### WORK ORDER
Omit the images. Reproduce each line of the records exactly as it appears.

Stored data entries

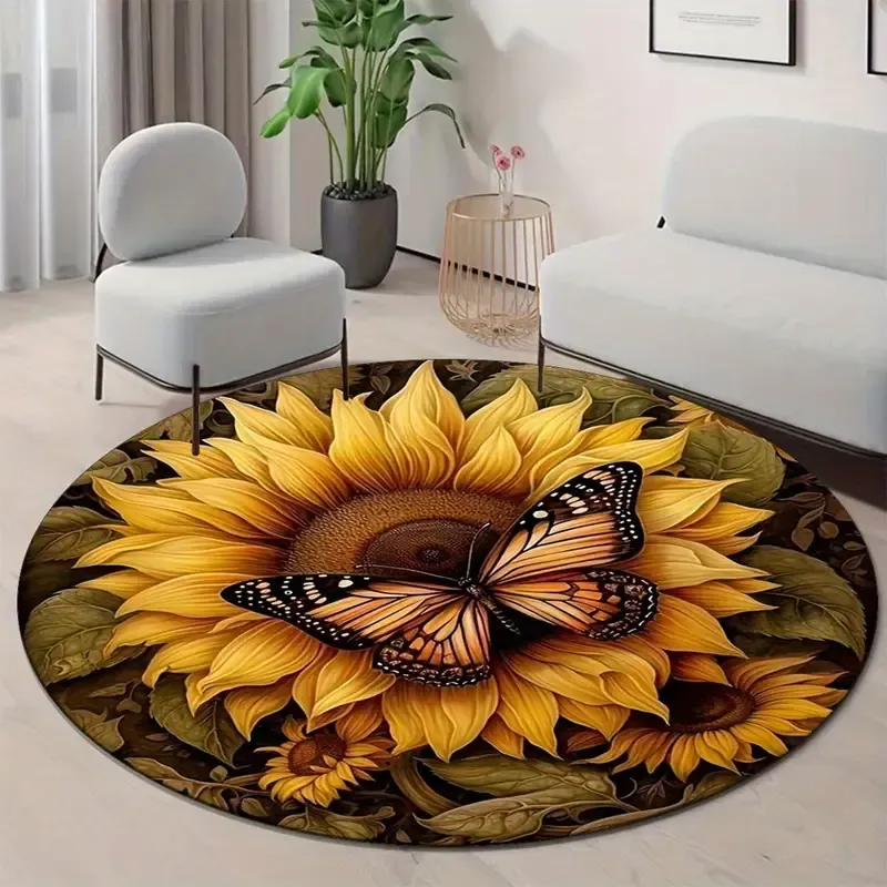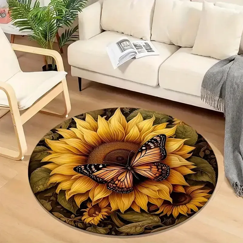 Tapis rond antidérapant avec un design de papillon et de tournesol.
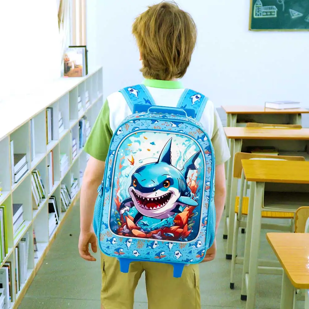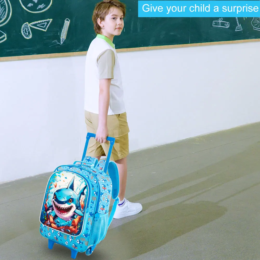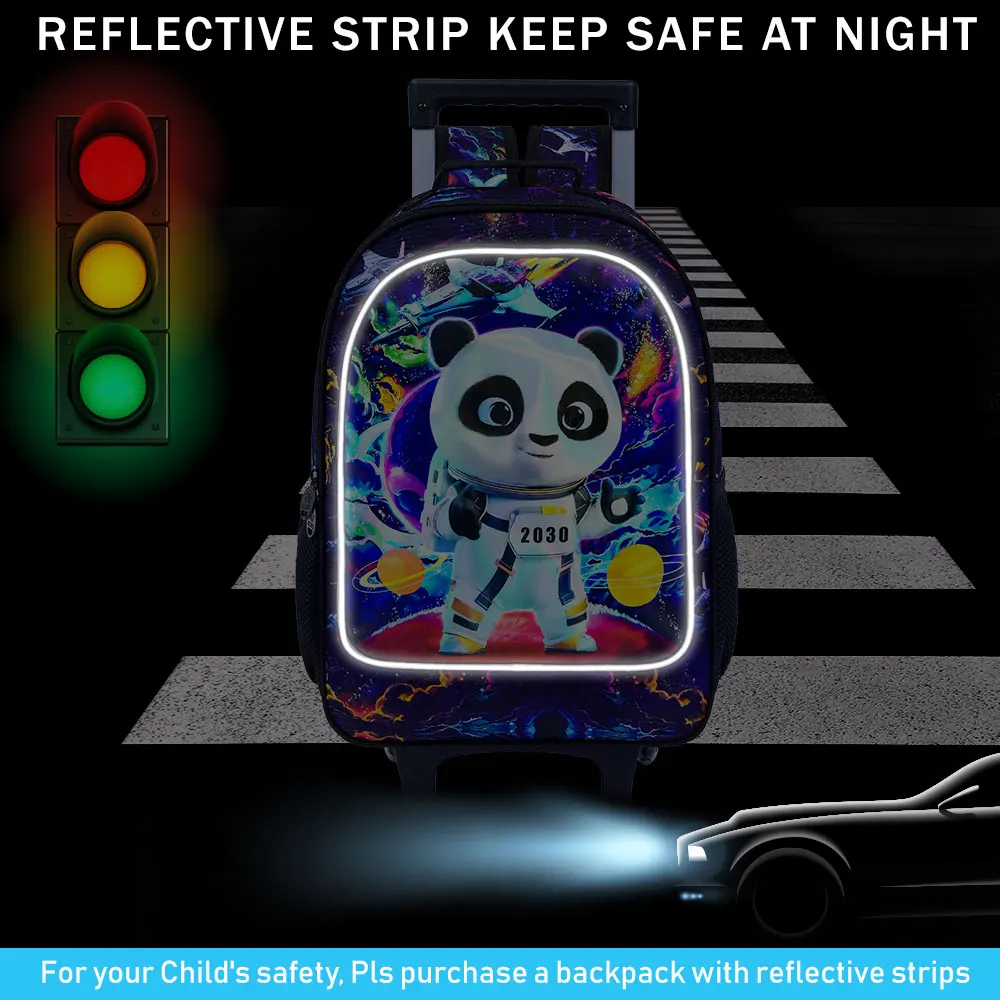 Rolling panda Backpack for Boys, Kids Roller Wheels School Bookbag with Lunch Bag, Wheeled School Bag for Children
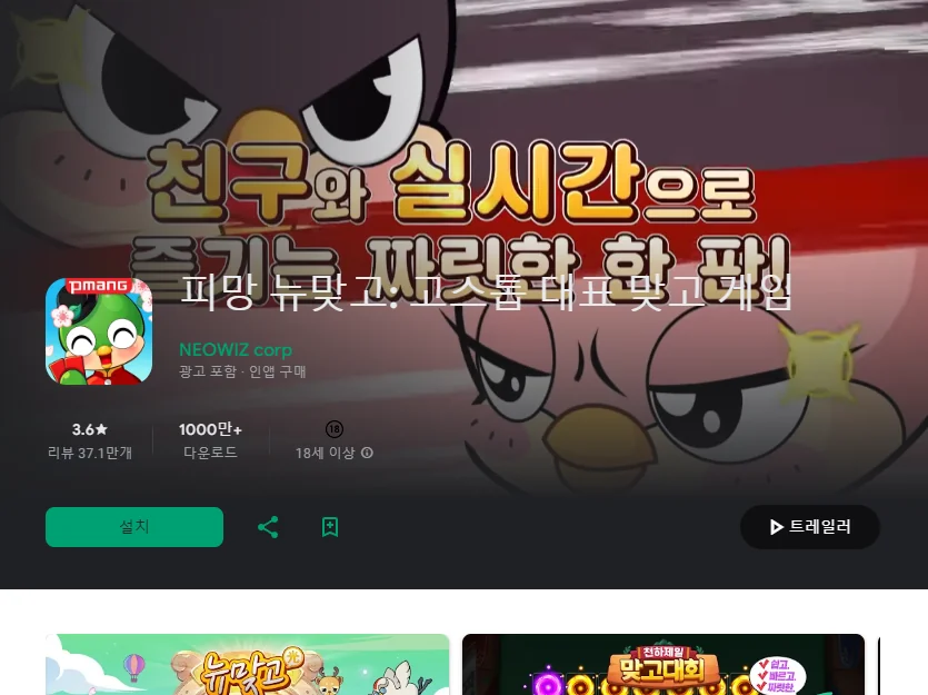 이 어플은 구글플레이스토어에서 "고스톱 게임"로 검색했을때 2번째로 나오는 어플입니다. 아래는 피망 뉴맞고: 고스톱 대표 맞고 게임 어플에 대한 자세한 설명이니 참고하세요.
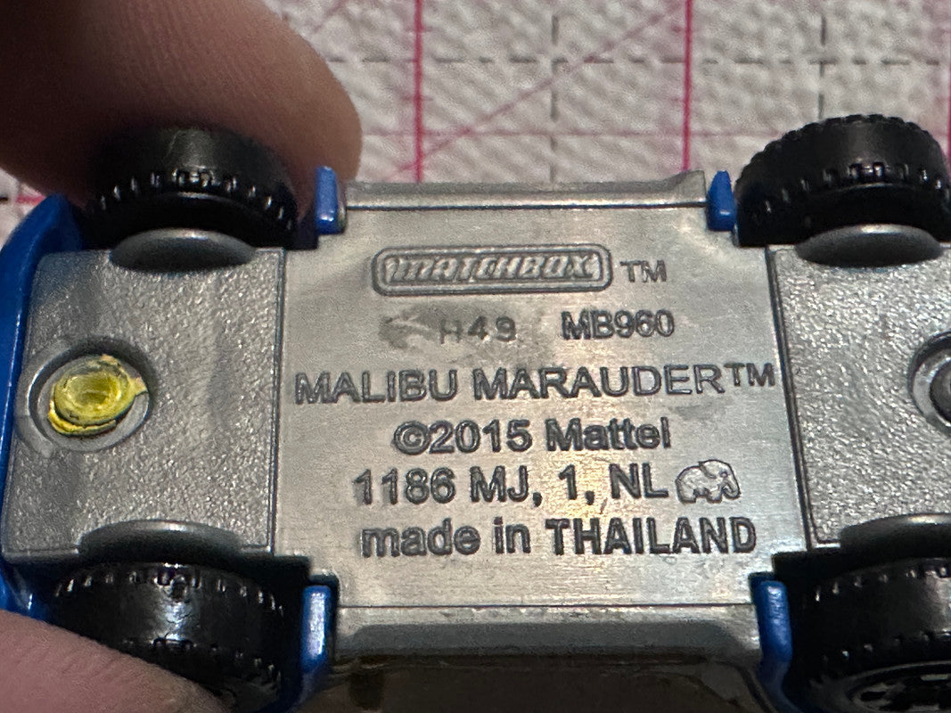 Yellow Blue Malibu Marauder MB960 2015 Matchbox Diecast Car
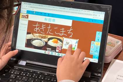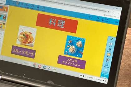 都道府県の食べ物を調べて紹介するためのシートを作成しています。と子どもたちは、とても手際良く作業を進めています。
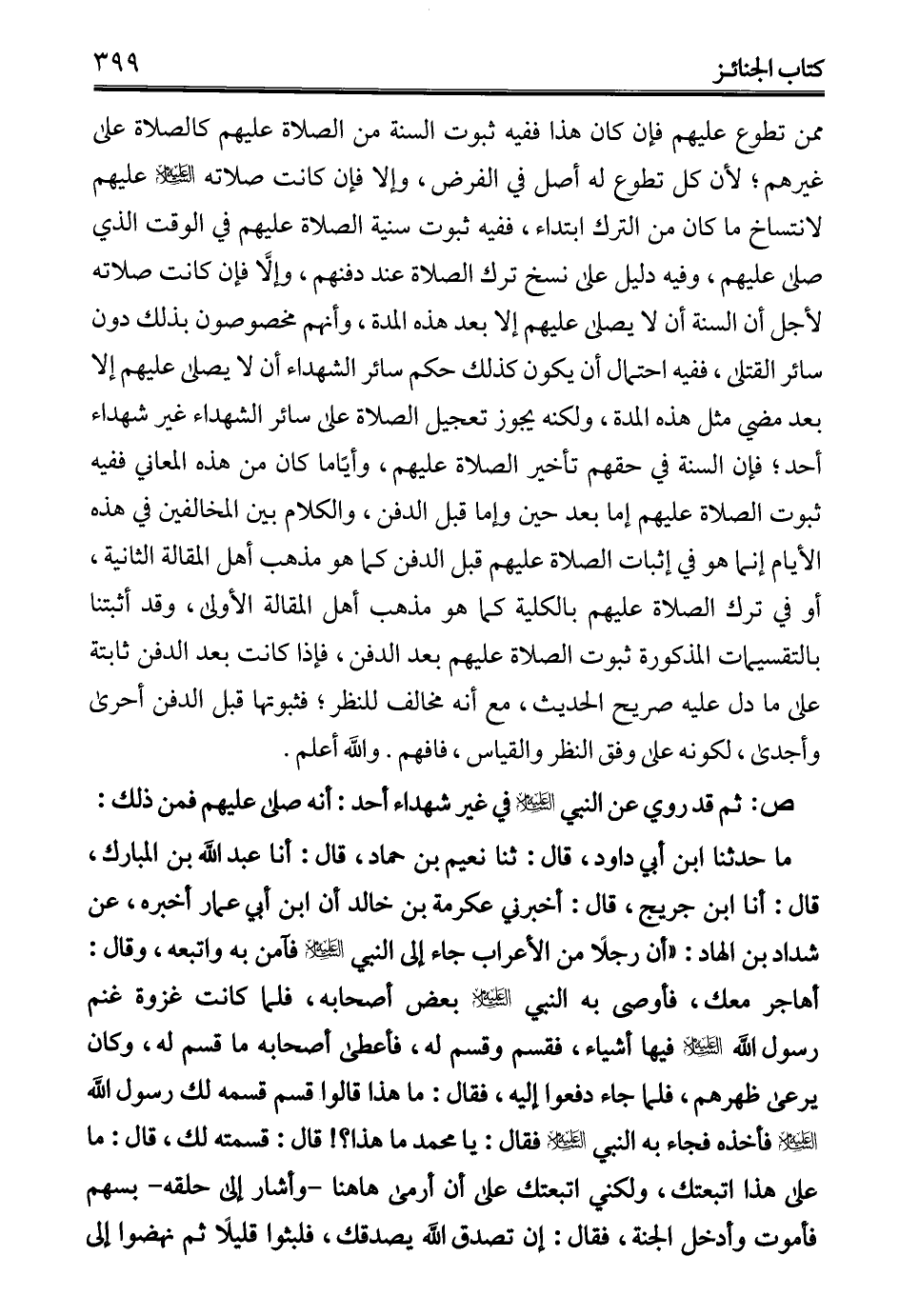 ص: ثم قد روي عن النبي - عليه السلام - في غير شهداء أحد: أنه صلى عليهم فمن ذلك: ما حدثنا ابن أبي داود، قال: ثنا نعيم بن حماد، قال: أنا عبد الله بن المبارك، قال: أنا ابن جريج، قال: أخبرني عكرمة بن خالد أن ابن أني عمار أخبره، عن شداد بن الهاد: "أن رجلًا من الأعراب جاء إلى النبي - عليه السلام - فآمن به واتبعه، وقال: أهاجر معك، فأوصى به النبي - عليه السلام - بعض أصحابه، فلما كانت غزوة غنم رسول الله - عليه السلام - فيها أشياء، فقسم وقسم له، فأعطى أصحابه ما قسم له، وكان يرعى ظهرهم، فلما جاء دفعوا إليه، فقال: ما هذا قالوا قسم قسمه لك رسول الله - عليه السلام - فأخذه فجاء به النبي - عليه السلام - فقال: يا محمد ما هذا؟! قال: قسمته لك، قال: ما على هذا اتبعتك، ولكني اتبعتك على أن أرمى ها هنا -وأشار إلى حلقه- بسهم فأموت وأدخل الجنة، فقال: إن تصدق الله يصدقك، فلبثوا قليلًا ثم نهضوا إلى
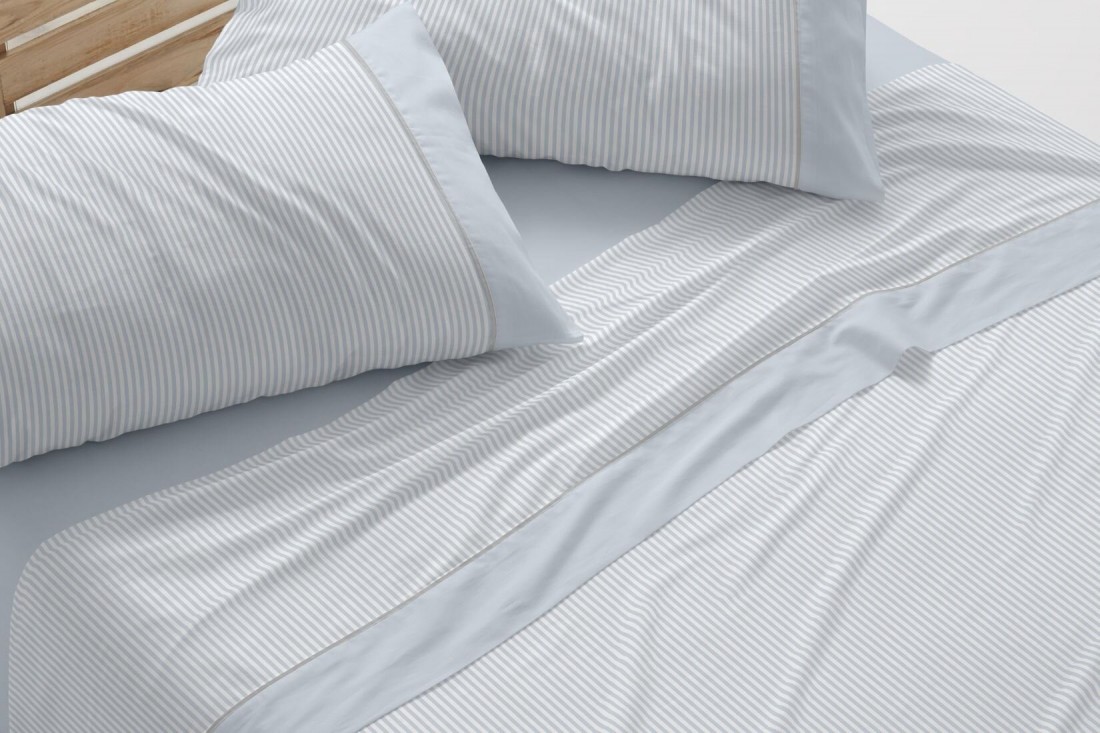 Juego de sábanas de algodón 100% con rayas verticales finas en color azul sobre fondo blanco, un guiño a la camisería clásica inglesa reinterpretada desde el minimalismo y el estilo escandinavo.
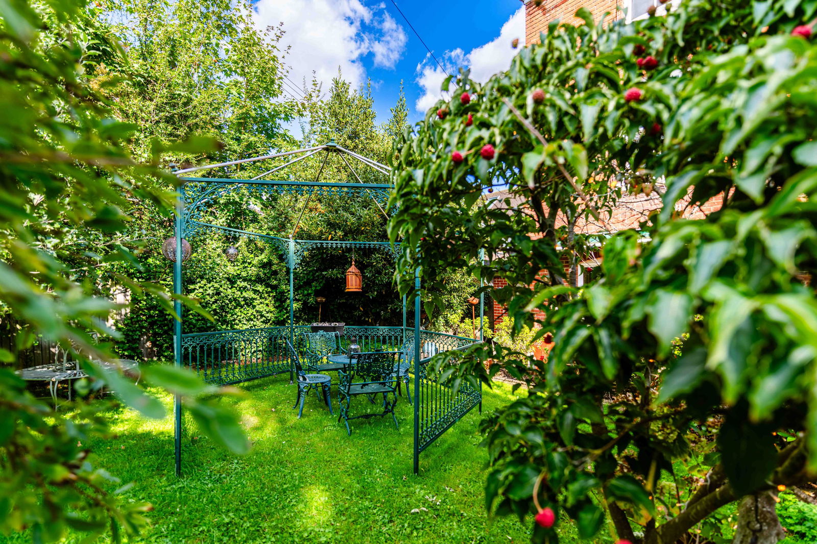With almost perfect symmetry the front is enclosed by a brick wall with pedestrian access on both sides and could create a wonderful in/out driveway (subject to obtaining the relevant consents). The side access then opens to the side patio garden with flagstone paving, planted borders with an array of flora and fauna and well-established shrubs and a raised lawn. The rear garden has been cleverly designed creating several pretty seating areas, ideal for entertaining and Alfresco dining. There is rear gated access to the driveway parking and garage. The garage has been partly converted and currently used as an Artist studio.

### ANSWER TO THE PROBLEM
 Tapis rond antidérapant avec un design de papillon et de tournesol.
 Rolling panda Backpack for Boys, Kids Roller Wheels School Bookbag with Lunch Bag, Wheeled School Bag for Children
 이 어플은 구글플레이스토어에서 "고스톱 게임"로 검색했을때 2번째로 나오는 어플입니다. 아래는 피망 뉴맞고: 고스톱 대표 맞고 게임 어플에 대한 자세한 설명이니 참고하세요.
 Yellow Blue Malibu Marauder MB960 2015 Matchbox Diecast Car
 都道府県の食べ物を調べて紹介するためのシートを作成しています。と子どもたちは、とても手際良く作業を進めています。
 ص: ثم قد روي عن النبي - عليه السلام - في غير شهداء أحد: أنه صلى عليهم فمن ذلك: ما حدثنا ابن أبي داود، قال: ثنا نعيم بن حماد، قال: أنا عبد الله بن المبارك، قال: أنا ابن جريج، قال: أخبرني عكرمة بن خالد أن ابن أني عمار أخبره، عن شداد بن الهاد: "أن رجلًا من الأعراب جاء إلى النبي - عليه السلام - فآمن به واتبعه، وقال: أهاجر معك، فأوصى به النبي - عليه السلام - بعض أصحابه، فلما كانت غزوة غنم رسول الله - عليه السلام - فيها أشياء، فقسم وقسم له، فأعطى أصحابه ما قسم له، وكان يرعى ظهرهم، فلما جاء دفعوا إليه، فقال: ما هذا قالوا قسم قسمه لك رسول الله - عليه السلام - فأخذه فجاء به النبي - عليه السلام - فقال: يا محمد ما هذا؟! قال: قسمته لك، قال: ما على هذا اتبعتك، ولكني اتبعتك على أن أرمى ها هنا -وأشار إلى حلقه- بسهم فأموت وأدخل الجنة، فقال: إن تصدق الله يصدقك، فلبثوا قليلًا ثم نهضوا إلى
 Juego de sábanas de algodón 100% con rayas verticales finas en color azul sobre fondo blanco, un guiño a la camisería clásica inglesa reinterpretada desde el minimalismo y el estilo escandinavo.
With almost perfect symmetry the front is enclosed by a brick wall with pedestrian access on both sides and could create a wonderful in/out driveway (subject to obtaining the relevant consents). The side access then opens to the side patio garden with flagstone paving, planted borders with an array of flora and fauna and well-established shrubs and a raised lawn. The rear garden has been cleverly designed creating several pretty seating areas, ideal for entertaining and Alfresco dining. There is rear gated access to the driveway parking and garage. The garage has been partly converted and currently used as an Artist studio.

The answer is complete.